- First appearance: The Transformers: The Movie
- Voiced by: Susan Blu, Masako Katsuki, others

In-universe information
- Race: Cybertronian
- Affiliation: Autobot

= Arcee =

Transformers character

Arcee is a robot character in the Transformers franchise, an Autobot usually pink in color. She is the franchise's main female Transformer, having made more appearances than any other.

==History==
Within the Transformers 1980s cartoon, Arcee is a female Autobot warrior who turns into a pink convertible. Her 1980s cartoon depiction is voiced by Susan Blu in English and by Masako Katsuki in Japanese. In the first year of the Transformers brand, Hasbro rejected the notion of female Transformers. While working on the script for The Transformers: The Movie in late 1984, Ron Friedman successfully insisted on the inclusion of at least one female Transformer, which resulted in Arcee. Arcee's appearances in Transformers cartoons were mostly filling the role of a "token female" until Transformers: Prime, which gave her a more distinct personality and a blue color scheme to downplay her stereotypical femininity.

Arcee was initially set to be in the 2007 Transformers film and had a positive fan reaction, but because there was not enough time in the movie to explain the presence of a "female" in a robotic race, she was dropped from the script. Arcee appeared in the film's sequel, Transformers: Revenge of the Fallen as part of a trio of female Transformers, but she was onscreen for only about two minutes before dying.

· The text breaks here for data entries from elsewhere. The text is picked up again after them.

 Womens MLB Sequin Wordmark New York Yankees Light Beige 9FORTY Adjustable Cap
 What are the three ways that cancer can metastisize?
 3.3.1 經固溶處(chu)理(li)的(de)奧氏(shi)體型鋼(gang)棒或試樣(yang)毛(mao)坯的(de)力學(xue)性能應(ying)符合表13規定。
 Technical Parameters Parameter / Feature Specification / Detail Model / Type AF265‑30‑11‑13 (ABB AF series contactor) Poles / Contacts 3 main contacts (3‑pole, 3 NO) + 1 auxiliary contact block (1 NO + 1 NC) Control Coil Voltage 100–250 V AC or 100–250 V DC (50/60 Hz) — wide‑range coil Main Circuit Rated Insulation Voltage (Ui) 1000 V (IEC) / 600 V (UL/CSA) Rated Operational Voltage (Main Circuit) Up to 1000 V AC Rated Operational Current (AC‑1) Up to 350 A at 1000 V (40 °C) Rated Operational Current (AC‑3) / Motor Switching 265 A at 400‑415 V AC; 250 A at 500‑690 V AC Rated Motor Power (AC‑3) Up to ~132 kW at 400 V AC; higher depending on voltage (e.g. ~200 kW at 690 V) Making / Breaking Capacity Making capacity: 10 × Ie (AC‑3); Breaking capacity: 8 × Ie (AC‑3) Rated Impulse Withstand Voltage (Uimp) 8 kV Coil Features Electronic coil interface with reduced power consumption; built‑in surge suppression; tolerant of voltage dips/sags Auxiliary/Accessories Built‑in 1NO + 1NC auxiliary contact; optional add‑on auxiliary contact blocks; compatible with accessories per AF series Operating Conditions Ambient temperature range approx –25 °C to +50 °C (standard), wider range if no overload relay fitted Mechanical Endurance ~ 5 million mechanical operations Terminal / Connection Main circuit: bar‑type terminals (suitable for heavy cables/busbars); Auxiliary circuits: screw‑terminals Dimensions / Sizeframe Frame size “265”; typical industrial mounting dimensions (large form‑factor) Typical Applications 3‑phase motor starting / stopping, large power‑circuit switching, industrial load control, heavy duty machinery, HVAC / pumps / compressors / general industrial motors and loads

Director Michael Bay stated that she was killed off because he did not like her, saying that his thought process for her inclusion was to "get it out and get it over with". Arcee later made a cameo appearance in Bumblebee before getting a supporting role in Transformers: Rise of the Beasts.

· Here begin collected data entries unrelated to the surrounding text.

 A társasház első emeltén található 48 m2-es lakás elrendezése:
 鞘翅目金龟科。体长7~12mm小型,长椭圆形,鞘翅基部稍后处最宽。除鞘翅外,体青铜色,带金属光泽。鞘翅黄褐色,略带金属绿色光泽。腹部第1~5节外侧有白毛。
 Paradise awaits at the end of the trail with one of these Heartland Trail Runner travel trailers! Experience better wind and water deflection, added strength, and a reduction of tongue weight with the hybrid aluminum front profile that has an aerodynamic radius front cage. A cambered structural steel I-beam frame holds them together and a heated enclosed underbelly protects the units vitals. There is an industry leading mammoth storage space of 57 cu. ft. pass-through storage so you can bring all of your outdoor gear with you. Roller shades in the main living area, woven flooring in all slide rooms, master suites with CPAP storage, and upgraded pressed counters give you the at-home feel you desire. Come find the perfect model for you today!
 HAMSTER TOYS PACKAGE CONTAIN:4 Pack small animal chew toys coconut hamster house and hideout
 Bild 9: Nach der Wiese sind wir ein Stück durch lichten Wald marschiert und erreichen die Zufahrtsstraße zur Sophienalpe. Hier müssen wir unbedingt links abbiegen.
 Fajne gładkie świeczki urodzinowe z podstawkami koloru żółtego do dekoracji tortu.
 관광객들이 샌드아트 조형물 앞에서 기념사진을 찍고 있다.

Within the Transformers comic series by IDW Publishing, writer Simon Furman created Spotlight: Arcee, a 2008 story about Arcee's origin as a female Transformer. The story depicts Arcee as having once been genderless, but being forcibly turned female by the mad scientist Jhiaxus. The experiments by Jhiaxus turned Arcee into an insane murderer. This backstory was criticized by writer Mairghread Scott, who described it as sexist. Later stories within the comic series, written primarily by John Barber and Jenevieve Frank, expand upon Arcee's backstory by establishing that she is a trans woman and that her insanity was caused because of post-treatment medical abuse, not because she was turned female. Within the comic series she is also in a lesbian relationship with the Autobot Aileron.